We race the two sims through the Rockies-which wins?

by Clockwise from top left: courtesy X-Plane; courtesy Microsoft Flight Simulator (3); courtesy X-Plane (2) Clockwise from top left: courtesy X-Plane; courtesy Microsoft Flight Simulator (3); courtesy X-Plane (2)

On Friday, June 6, Popular Science assistant editor Gregory Mone and I took off in Cessna 172s from Aspen, Colorado, on what should have been easy 20-minute flights to Leadville Airport, 25 miles to the East.



Neither of us made it.



Perhaps it was hubris—when you’re flying over the Rockies, you’d better respect the mountains and know full well what you’re getting into.



Unfortunately, neither of us did.



Or maybe it was inexperience. After all, Mone had, well, zero hours at the controls of any aircraft. I had one hour of total flight training, plus about 20 at the controls of various PC flight simulators.

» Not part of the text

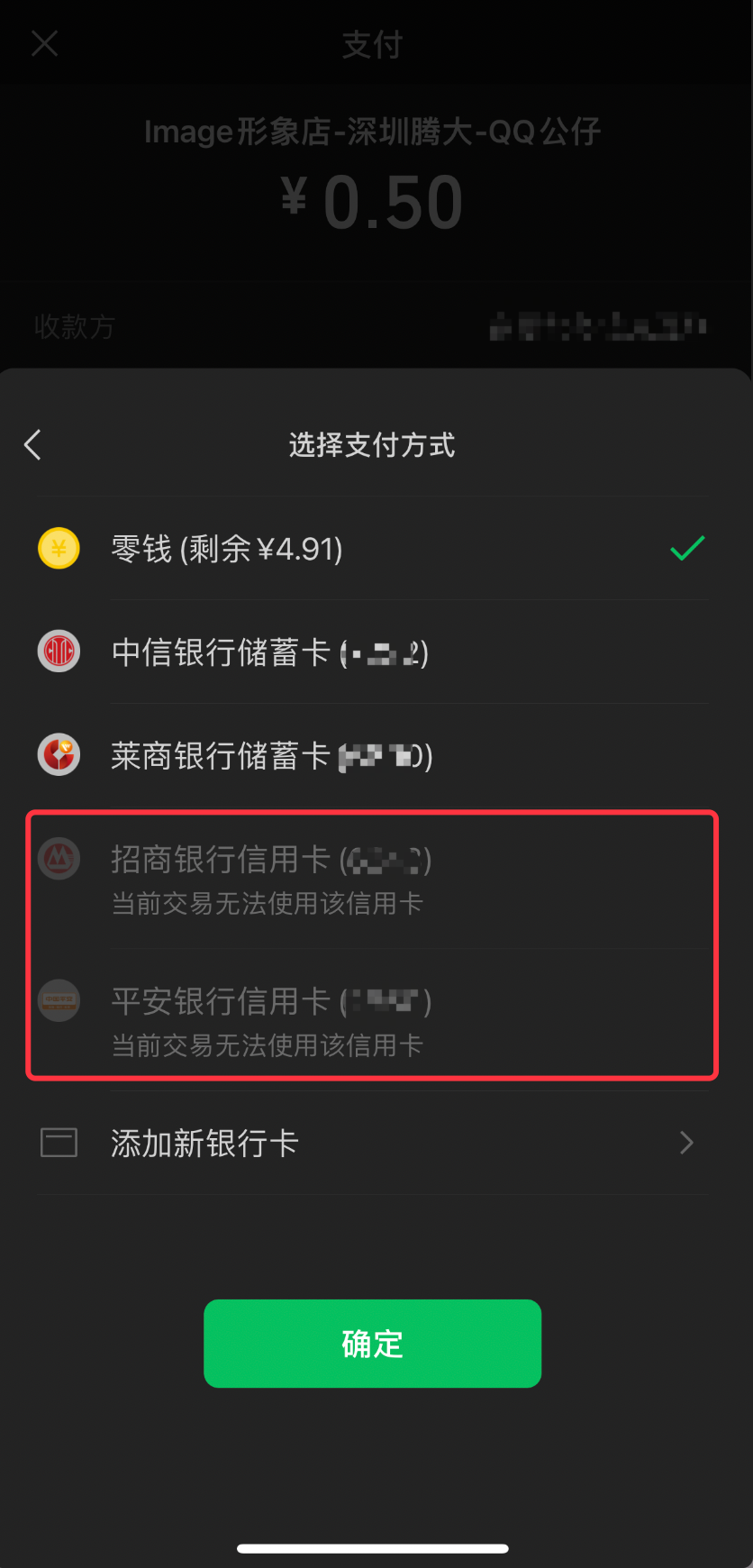 微信支付limit_pay参数传入no_credit参数限制信用卡支付是在弹出支付的时候,信用卡是灰色,还是选择信用卡并输入密码后给限制提示。

Fortunately, that’s exactly what we were flying. I had Microsoft’s Flight Simulator 2002 on a PC laptop, and Mone flew X-Plane aboard an Apple PowerBook. The two sims are each other’s only competitors, and their respective fan bases are fiercely loyal. Microsoft’s is the commercial favorite, but X-Plane is quickly earning credibility and respect for its highly accurate flight model (see “Austin & Goliath,” Popular Science, August 2003). We flew the two competing flight simulators head to head in identical scenarios to see which reigned supreme, at least in our minds.



We both flew Cessna 172s because those are two airplanes both sims have in common. I chose a flight through the Rockies to better showcase the scenery. What I neglected to factor in was the challenge of flying at such high altitudes—upwards of 7,000 feet in each case. Leadville is the third-highest airport in the world, and Aspen isn’t exactly sea level. Because of the highly accurate flight models in both programs, the airplanes’ performance suffered at high altitude, due to the thin air. They took longer to climb higher—making the surrounding mountains formidable hurdles.



After I gave Mone an introduction to the flight controls and the instrumentation, we parked ourselves at the ends of our respective runways. They actually were the same runways—just rendered differently in each program.